Eu sou casado, esta é uma condição/característica/atributo permanente. Eu = casado, sem modulação do segundo membro da igualdade. Difere de ser solteiro. 
Quando há uma determinação de tempo, penso que seja válido "estar" casado. Hoje eu estou casado, amanhã quem sabe? Há dez anos que estou casado com a mesma mulher.
Sou doente, tenho uma condição crônica qualquer. Estive com gripe durante a semana passada, espero estar melhor semana que vem. 
Em resumo, é o atributo que "pede" o verbo e o critério é semântico.


----------



## Carfer

Só acrescentaria que, quando usamos '_ser_', o que está em causa é, essencialmente, um atributo da pessoa ('_sou casado'/'sou solteiro'/ 'sou divorciado'), _sem considerar as vicissitudes a que o estado_ (casado/solteiro/etc.) _possa estar sujeito, à semelhança, por exemplo, de '_sou feio/bonito/etc_.'. Em todo o caso, é indiferente dizer '_fui casado/estive casado/ dez anos', _sem prejuízo da pequena nuance que '_estar_' pode introduzir, pondo ênfase na temporalidade, na transitoriedade ou na natureza acidental do estado ('_estou doente_' contra '_sou doente_', por exemplo).


----------



## Dymn

Ari RT said:


> Eu sou casado, esta é uma condição/característica/atributo permanente. Eu = casado, sem modulação do segundo membro da igualdade. Difere de ser solteiro.





Carfer said:


> Só acrescentaria que, quando usamos '_ser_', o que está em causa é, essencialmente, um atributo da pessoa ('_sou casado'/'sou solteiro'/ 'sou divorciado'), _sem considerar as vicissitudes a que o estado_ (casado/solteiro/etc.) _possa estar sujeito, à semelhança, por exemplo, de '_sou feio/bonito/etc_.'.

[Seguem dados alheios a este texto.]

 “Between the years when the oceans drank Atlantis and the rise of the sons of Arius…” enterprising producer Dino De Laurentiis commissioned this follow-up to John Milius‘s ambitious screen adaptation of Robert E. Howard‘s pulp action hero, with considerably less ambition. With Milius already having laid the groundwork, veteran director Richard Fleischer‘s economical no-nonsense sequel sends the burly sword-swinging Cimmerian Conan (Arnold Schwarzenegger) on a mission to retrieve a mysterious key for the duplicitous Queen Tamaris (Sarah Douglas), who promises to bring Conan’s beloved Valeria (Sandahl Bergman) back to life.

Acho difícil fazer a diferença, porque solteiro é um estado mais ou menos duradouro e casado é (suposto ser) um estado permanente. Já "_estou feio/bonito_" entendo que é porque hoje me arrumei mal/bem, e com o verbo "_ser_" seria uma qualidade inerente a mim.



Ari RT said:


> Quando há uma determinação de tempo, penso que seja válido "estar" casado. Hoje eu estou casado, amanhã quem sabe? Há dez anos que estou casado com a mesma mulher.

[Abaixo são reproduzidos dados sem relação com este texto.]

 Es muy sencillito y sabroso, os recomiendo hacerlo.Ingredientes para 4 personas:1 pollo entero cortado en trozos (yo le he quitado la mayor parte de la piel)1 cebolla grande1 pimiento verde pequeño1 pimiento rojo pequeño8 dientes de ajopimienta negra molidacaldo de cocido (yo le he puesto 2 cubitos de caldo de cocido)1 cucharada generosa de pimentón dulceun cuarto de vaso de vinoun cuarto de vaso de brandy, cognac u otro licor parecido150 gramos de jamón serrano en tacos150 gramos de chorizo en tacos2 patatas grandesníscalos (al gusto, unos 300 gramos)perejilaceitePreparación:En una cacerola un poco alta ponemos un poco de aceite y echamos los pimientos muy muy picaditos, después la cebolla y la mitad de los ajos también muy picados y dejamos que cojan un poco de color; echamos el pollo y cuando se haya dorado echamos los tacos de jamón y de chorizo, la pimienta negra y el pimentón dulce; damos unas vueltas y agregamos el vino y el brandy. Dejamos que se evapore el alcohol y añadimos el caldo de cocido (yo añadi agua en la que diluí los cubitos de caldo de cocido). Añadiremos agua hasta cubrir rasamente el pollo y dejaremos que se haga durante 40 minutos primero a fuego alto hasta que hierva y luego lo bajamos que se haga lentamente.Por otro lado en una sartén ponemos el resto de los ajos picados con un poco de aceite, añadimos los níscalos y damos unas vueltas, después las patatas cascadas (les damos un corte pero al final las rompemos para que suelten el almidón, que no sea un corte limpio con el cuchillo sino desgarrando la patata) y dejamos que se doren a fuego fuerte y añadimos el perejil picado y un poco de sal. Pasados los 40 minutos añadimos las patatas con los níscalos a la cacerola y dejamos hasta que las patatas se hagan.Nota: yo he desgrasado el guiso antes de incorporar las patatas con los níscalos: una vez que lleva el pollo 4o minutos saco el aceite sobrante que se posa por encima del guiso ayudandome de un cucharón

Encontrei vários exemplos na imprensa portuguesa sem nenhuma referência temporal, embora seja verdade que há uma tendença a adicionar uma. Esta frase soa-lhe bem?

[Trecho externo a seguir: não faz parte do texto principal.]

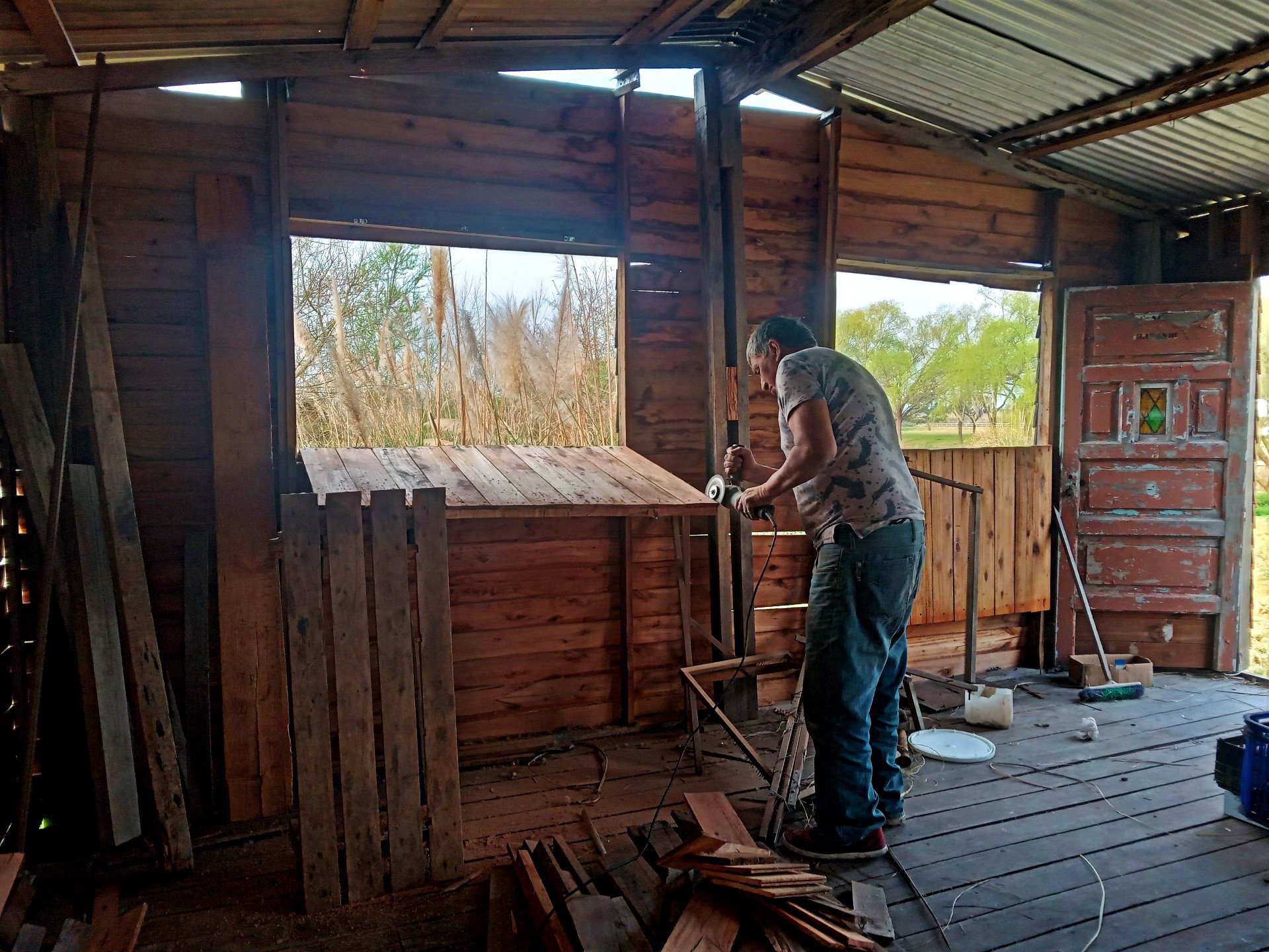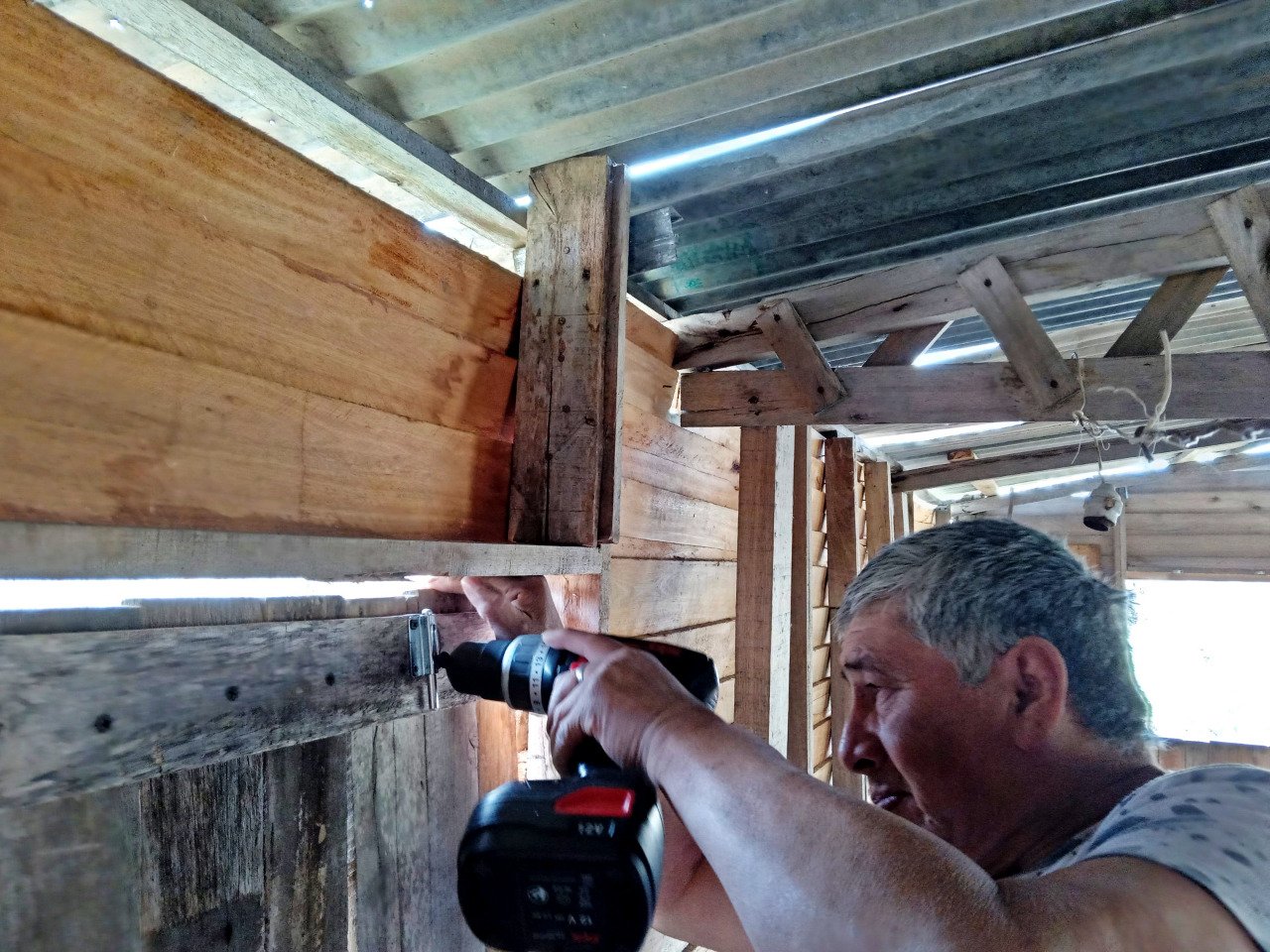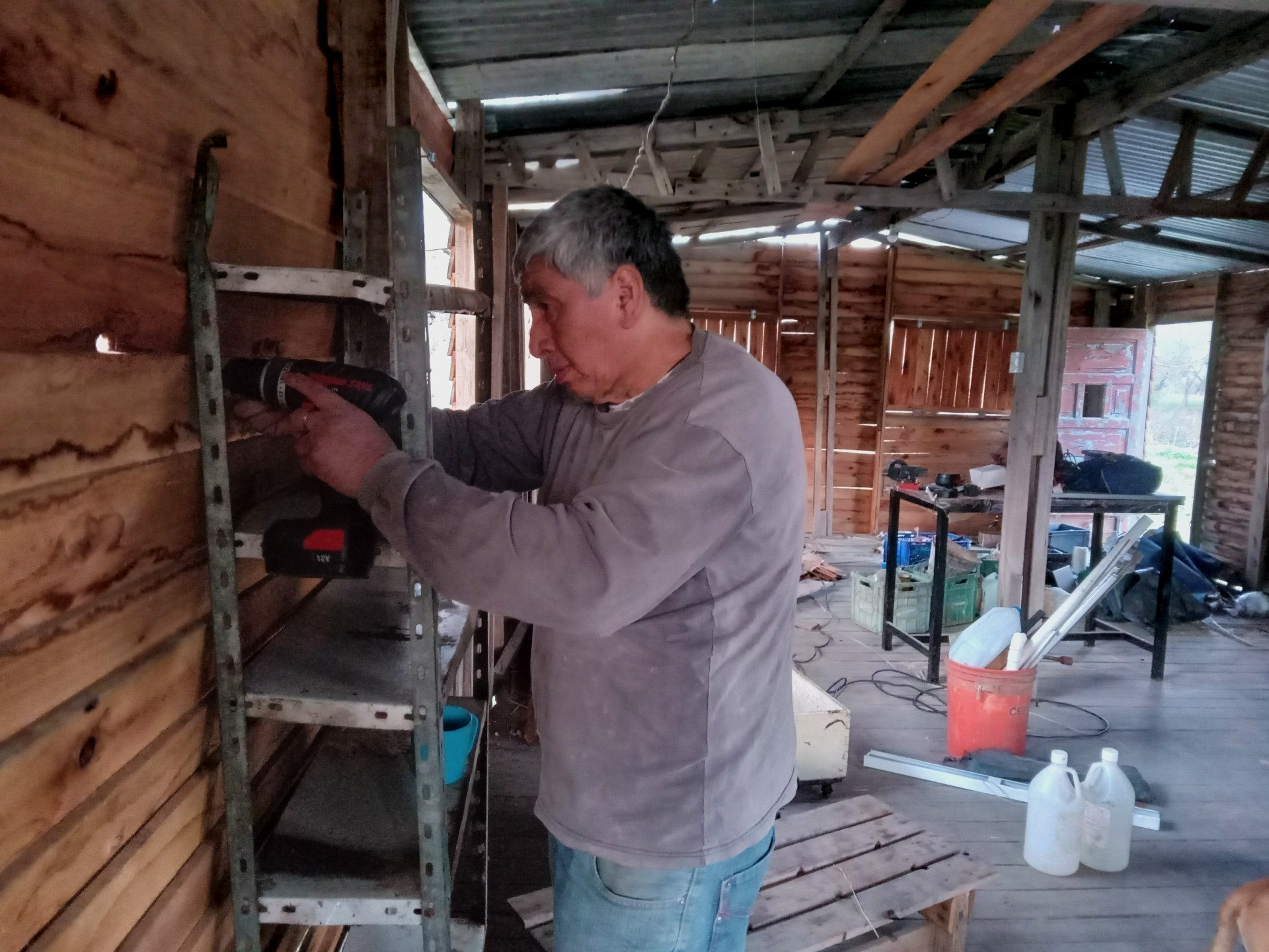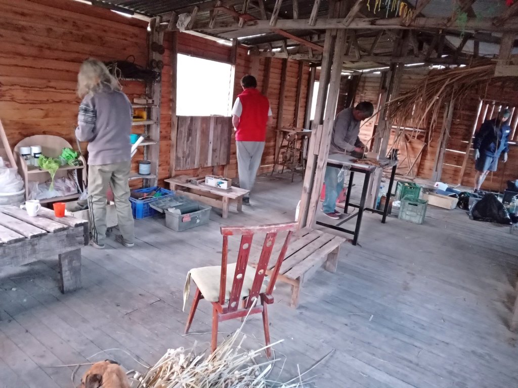 El domingo 24 de agosto se priorizaron los trabajos en el Taller de oficios y de producción: allí se colocaron pasadores de seguridad en las ventanas, se reordenaron los materiales almacenados debajo de la construcción y se trasladaron bancos, mesas y herramientas desde el salón comunitario hacia su nueva ubicación.

_É a primeira vez que um primeiro-ministro leva para o número 10 de Downing Street uma mulher com quem não *está casado*._


----------



## Carfer

Dymn said:


> Esta frase soa-lhe bem?
> 
> _É a primeira vez que um primeiro-ministro leva para o número 10 de Downing Street uma mulher com quem não *está casado*._



Perfeitamente bem, mas se dissesse '_com quem não é casado_' estaria igualmente bem. Isto é difícil de explicar - e até de racionalizar, porque, na realidade é a força do hábito ou o costume que condiciona a escolha por um ou por outro e não é nada difícil encontrar exemplos que contradigam a "regra" (se se pode falar de regra, de tão fluída que ela é), mas a minha impressão é de que o que releva não é tanto a situação objectiva, mas o enfoque do falante. Se está a referir-se ao atributo em abstracto (é casado, é bonito, é feio), sem condicionantes, designadamente temporais, usa o verbo '_ser_', se, pelo contrário o vê numa perspectiva concreta, com dimensão temporal, prefere o _'estar_'. No caso, quem escreveu isso teve sobretudo em conta o momento: foi _a primeira vez_ (vicissitude temporal) que um primeiro ministro levou para o nº10 alguém com quem nesse momento (de novo, o tempo) não estava casado. A diferença quando digo '_sou velho_' e '_estou velho_' é que, no primeiro caso, quem tem mais de 70 anos é necessariamente velho, é velho abstraindo de qualquer outra consideração, ao passo que '_estou velho_' se reporta à condição a que cheguei, ao estado actual (o peso dos anos, o estado físico, as doenças). E o mesmo se disser '_sou feio_' (qualidade intrínseca, imune às vicissitudes temporais) e '_estou feio_', situação actual, fruto do tempo, de não me arranjar ou de outra causa qualquer, isto é, produto do tempo e das circunstâncias. É basicamente isso, parece-me. Agora, claro, há muitas excepções e variantes (felizmente), e algumas completamente ilógicas ou contrárias à tal regra de base de que o que é permanente é '_ser_' e o que não é, '_estar_' ('_está morto_', por exemplo).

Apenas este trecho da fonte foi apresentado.